Within the records below, find the line with "SUPER APM is" and the line with "La Roche-Posay Anthelios", then reproduce exactly those two lines and all lines between them, without any picture.

+++ Given records +++

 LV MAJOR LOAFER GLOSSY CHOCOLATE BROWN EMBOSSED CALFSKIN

+++
+++ Given records +++

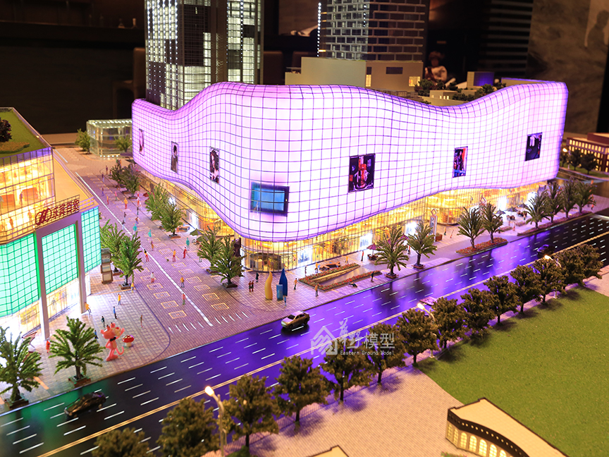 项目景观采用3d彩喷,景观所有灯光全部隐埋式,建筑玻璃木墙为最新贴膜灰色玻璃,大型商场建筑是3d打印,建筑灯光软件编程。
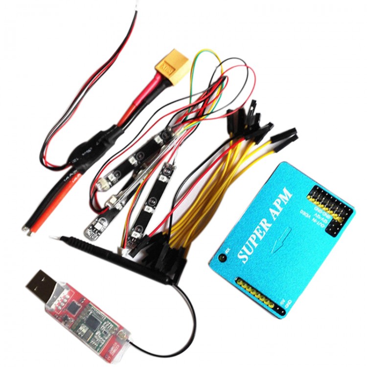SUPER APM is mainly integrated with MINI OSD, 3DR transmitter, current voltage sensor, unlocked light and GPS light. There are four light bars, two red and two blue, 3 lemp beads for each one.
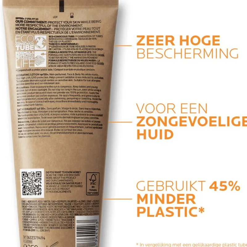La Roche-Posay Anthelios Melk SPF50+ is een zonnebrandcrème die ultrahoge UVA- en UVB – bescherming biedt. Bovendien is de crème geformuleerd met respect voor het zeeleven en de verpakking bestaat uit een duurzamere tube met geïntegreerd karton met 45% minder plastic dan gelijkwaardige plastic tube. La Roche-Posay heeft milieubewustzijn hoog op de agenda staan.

+++

■ Response to this task
SUPER APM is mainly integrated with MINI OSD, 3DR transmitter, current voltage sensor, unlocked light and GPS light. There are four light bars, two red and two blue, 3 lemp beads for each one.
La Roche-Posay Anthelios Melk SPF50+ is een zonnebrandcrème die ultrahoge UVA- en UVB – bescherming biedt. Bovendien is de crème geformuleerd met respect voor het zeeleven en de verpakking bestaat uit een duurzamere tube met geïntegreerd karton met 45% minder plastic dan gelijkwaardige plastic tube. La Roche-Posay heeft milieubewustzijn hoog op de agenda staan.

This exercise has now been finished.